** TASK BRIEF **
A verbatim copy of all the data is required; the pictures should not appear in it.

** RECORDED DATA **
-- Opening Marker --

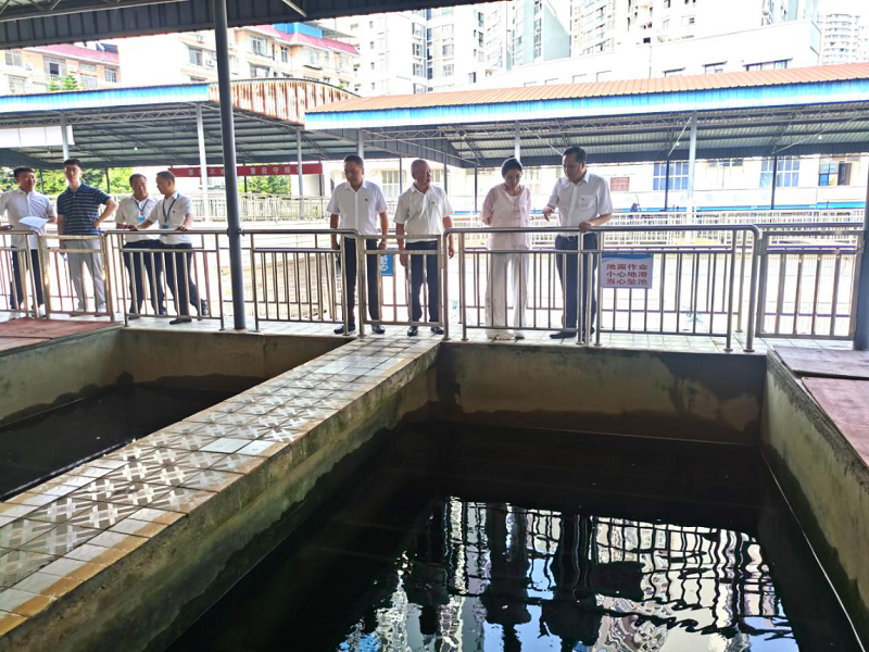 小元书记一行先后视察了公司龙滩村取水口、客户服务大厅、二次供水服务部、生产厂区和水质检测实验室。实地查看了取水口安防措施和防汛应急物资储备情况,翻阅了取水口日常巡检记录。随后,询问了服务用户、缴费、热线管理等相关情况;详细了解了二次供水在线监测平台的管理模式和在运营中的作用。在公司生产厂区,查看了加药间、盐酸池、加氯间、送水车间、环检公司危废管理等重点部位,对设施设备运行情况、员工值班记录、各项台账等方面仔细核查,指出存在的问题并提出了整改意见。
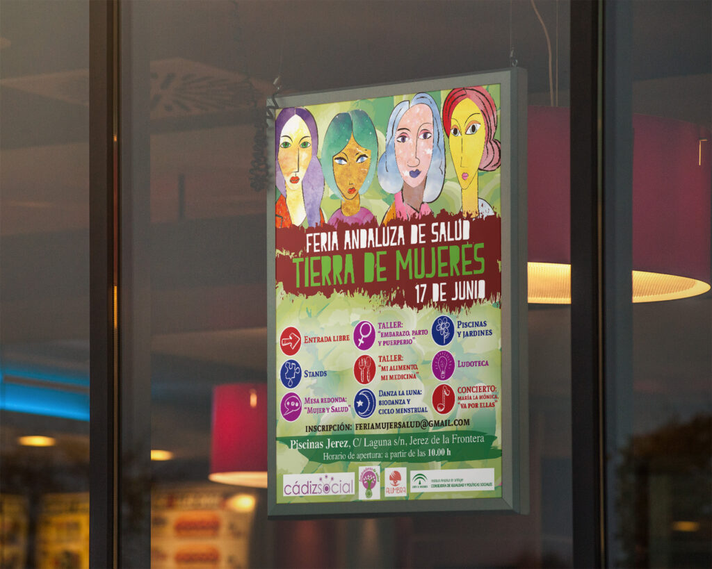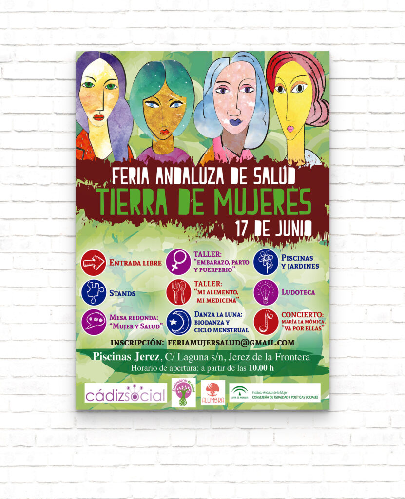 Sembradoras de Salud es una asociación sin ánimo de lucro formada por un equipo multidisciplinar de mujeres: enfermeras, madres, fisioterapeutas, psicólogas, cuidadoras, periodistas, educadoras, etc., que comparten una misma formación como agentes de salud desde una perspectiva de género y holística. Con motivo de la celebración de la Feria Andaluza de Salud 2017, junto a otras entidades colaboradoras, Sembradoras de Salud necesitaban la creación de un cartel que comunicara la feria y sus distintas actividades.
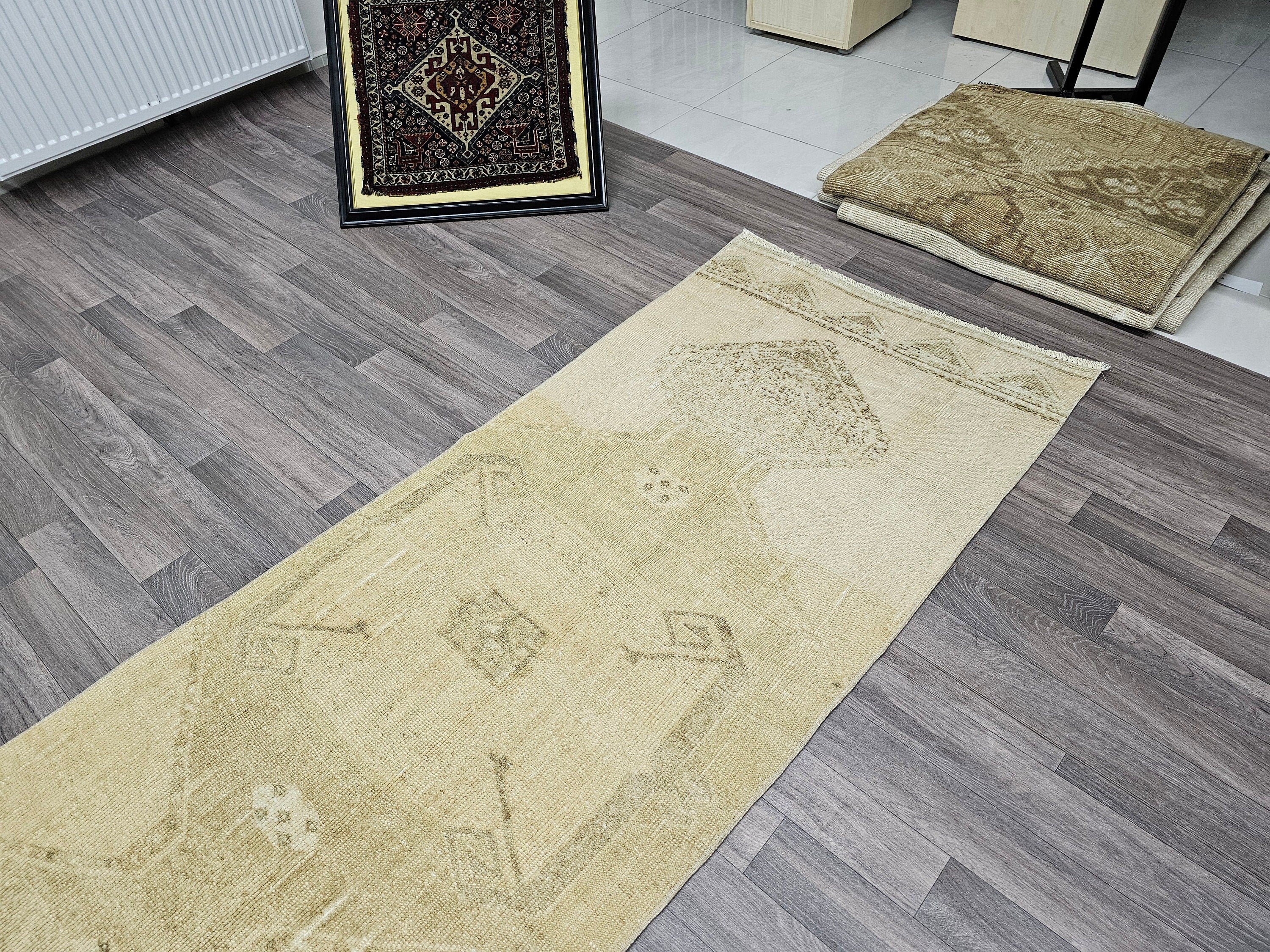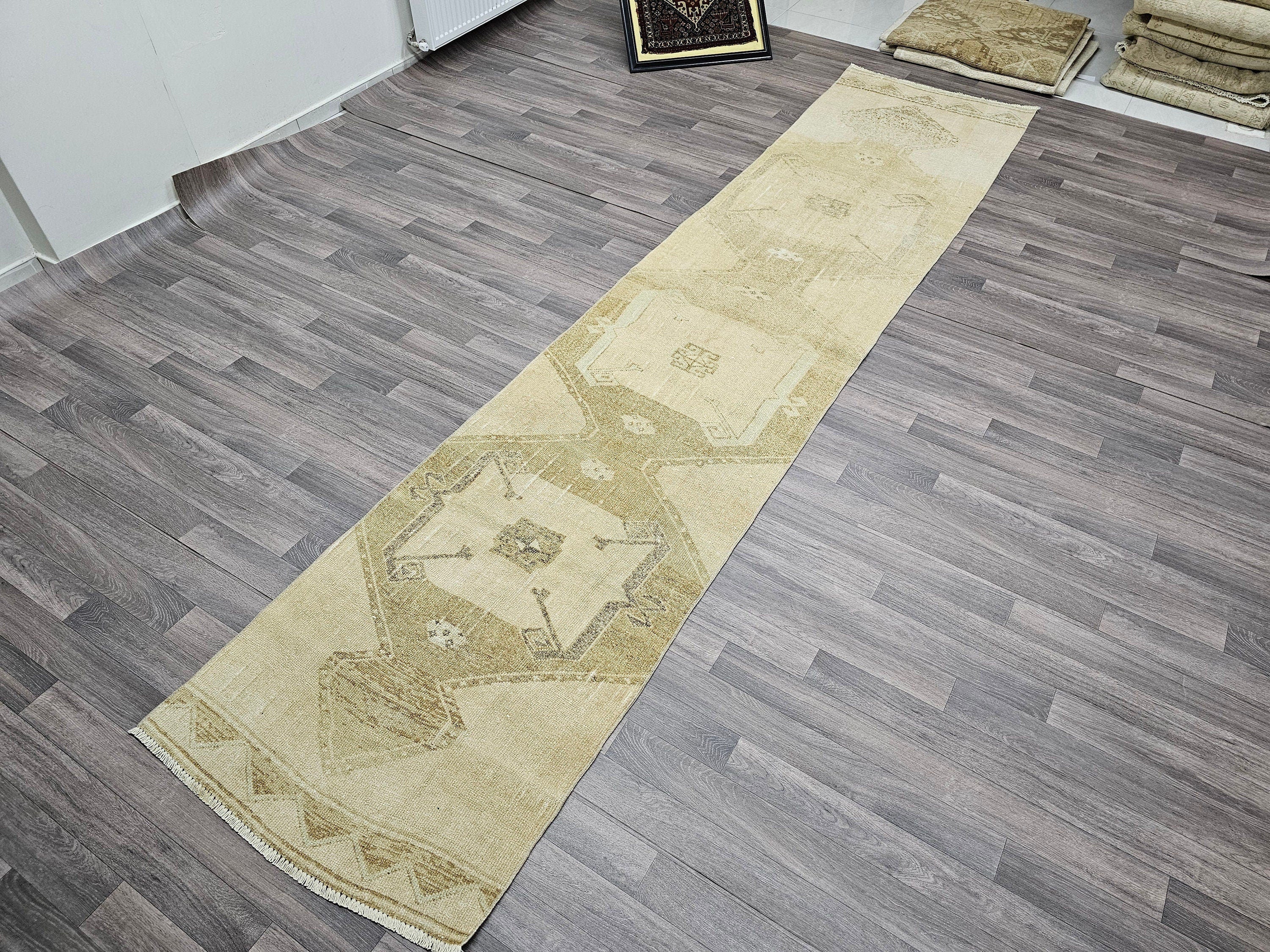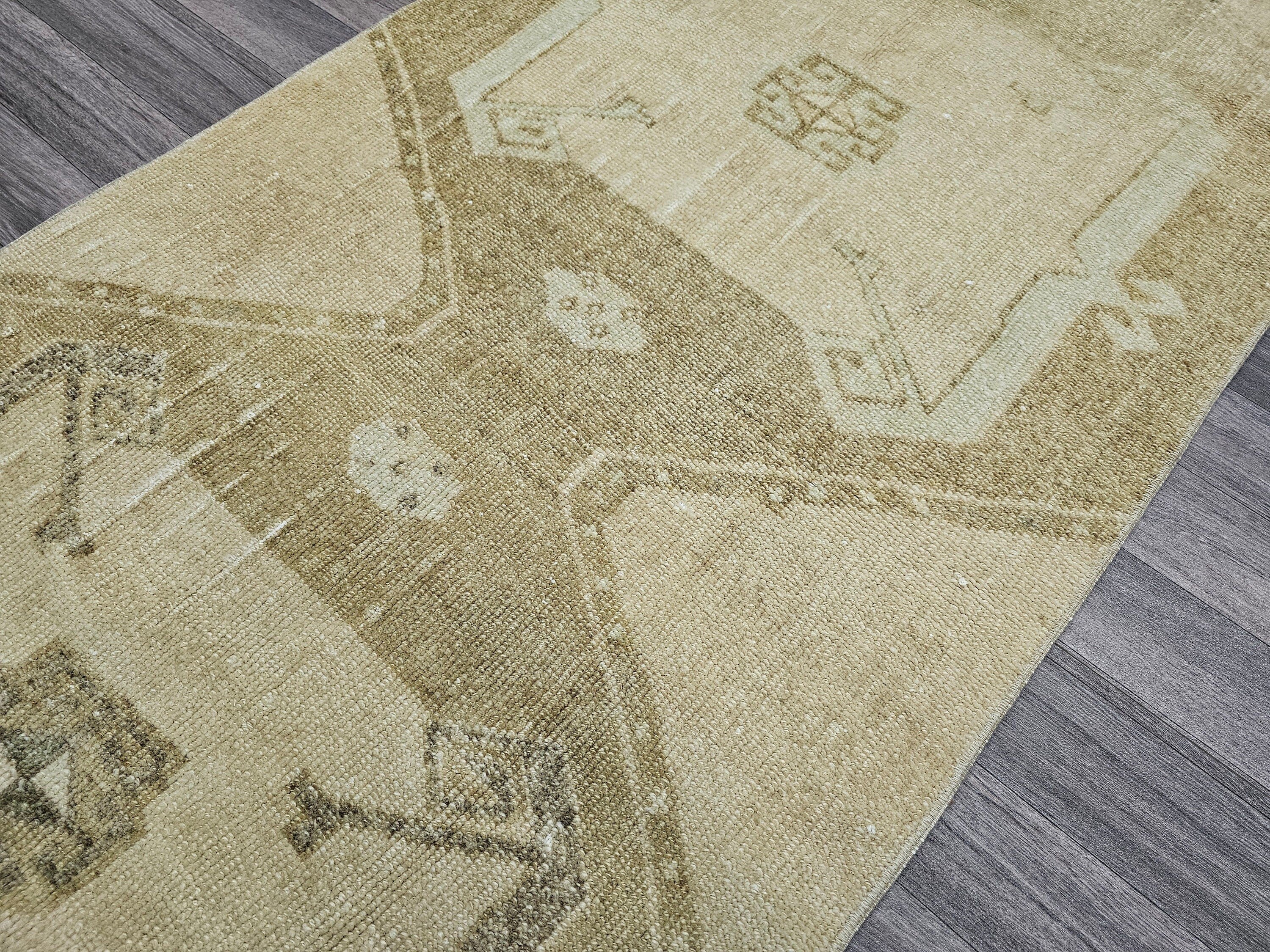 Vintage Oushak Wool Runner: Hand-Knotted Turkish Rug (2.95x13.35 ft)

-- Closing Marker --

** WORKED SOLUTION **
 小元书记一行先后视察了公司龙滩村取水口、客户服务大厅、二次供水服务部、生产厂区和水质检测实验室。实地查看了取水口安防措施和防汛应急物资储备情况,翻阅了取水口日常巡检记录。随后,询问了服务用户、缴费、热线管理等相关情况;详细了解了二次供水在线监测平台的管理模式和在运营中的作用。在公司生产厂区,查看了加药间、盐酸池、加氯间、送水车间、环检公司危废管理等重点部位,对设施设备运行情况、员工值班记录、各项台账等方面仔细核查,指出存在的问题并提出了整改意见。
 Sembradoras de Salud es una asociación sin ánimo de lucro formada por un equipo multidisciplinar de mujeres: enfermeras, madres, fisioterapeutas, psicólogas, cuidadoras, periodistas, educadoras, etc., que comparten una misma formación como agentes de salud desde una perspectiva de género y holística. Con motivo de la celebración de la Feria Andaluza de Salud 2017, junto a otras entidades colaboradoras, Sembradoras de Salud necesitaban la creación de un cartel que comunicara la feria y sus distintas actividades.
 Vintage Oushak Wool Runner: Hand-Knotted Turkish Rug (2.95x13.35 ft)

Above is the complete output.